Qualquer pessoa de bom senso sabe isso. Mas a maioria tem medo de o dizer. Teme ser considerada retrógrada, reacionária. Os próprios políticos, de esquerda ou de direita, têm medo de falar disto abertamente, refugiando-se em meias palavras. E assim, estes processos são liderados por minorias radicais, com objetivos duvidosos. 
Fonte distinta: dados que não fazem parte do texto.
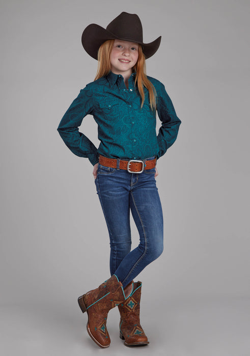Girl's Long Sleeve Western Style Shirt * Printed 100% Cotton Poplin * 1 Pt Curved F/B Yokes * 1 Pt Curved Pocket & Flaps * Contrast Inside Trim * 1 Snap Cuff * Opaque Snap Front * Garment Washed

A quem serve esta liberalidade levada ao extremo, passando a barreira mais intransponível entre os humanos: a que diferencia o homem da mulher? Um homem pode nascer pobre e tornar-se rico; pode nascer fraco e tornar-se forte; mas não pode nascer menino e tornar-se mulher, porque nenhuma operação conseguirá uma transformação completa. Só um golpe de magia o poderia fazer – mas isso pertence ao mundo do espetáculo e não da ciência.

Um adulto ter a ilusão de que pode transformar-se em mulher é, em minha opinião, um erro – mas é com ele. 

Um jovem de 16 anos poder fazê-lo, como já acontece, é uma precipitação perigosíssima. A adolescência é um período difícil, carregado de dúvidas, angústias e inseguranças, em que muita coisa muda, sendo completamente insensato fazer uma opção radical numa questão tão determinante. 

Agora falar de transformação de sexo em crianças é uma ideia de loucos. E de loucos perigosos.

O processo tem, mesmo, de ser exatamente o oposto: ajudar os meninos e meninas a sentirem-se bem com o corpo que têm – alto ou baixo, gordo ou magro, menino ou menina – e não estimular-lhes a dúvida, a insegurança, e criar-lhes ilusões de que podem mudar tudo. 

Assim, apelo a Edite Estrela, Eurico Brilhante Dias, Pedro Delgado Alves, Porfírio Silva, Alexandra Leitão, Alexandre Quintanilha, para que coloquem a mão na consciência e vejam o que estão a fazer. 

Não falo de Isabel Moreira, porque esta não atua racionalmente – age por militância ideológica, que é do domínio da emoção e não da razão.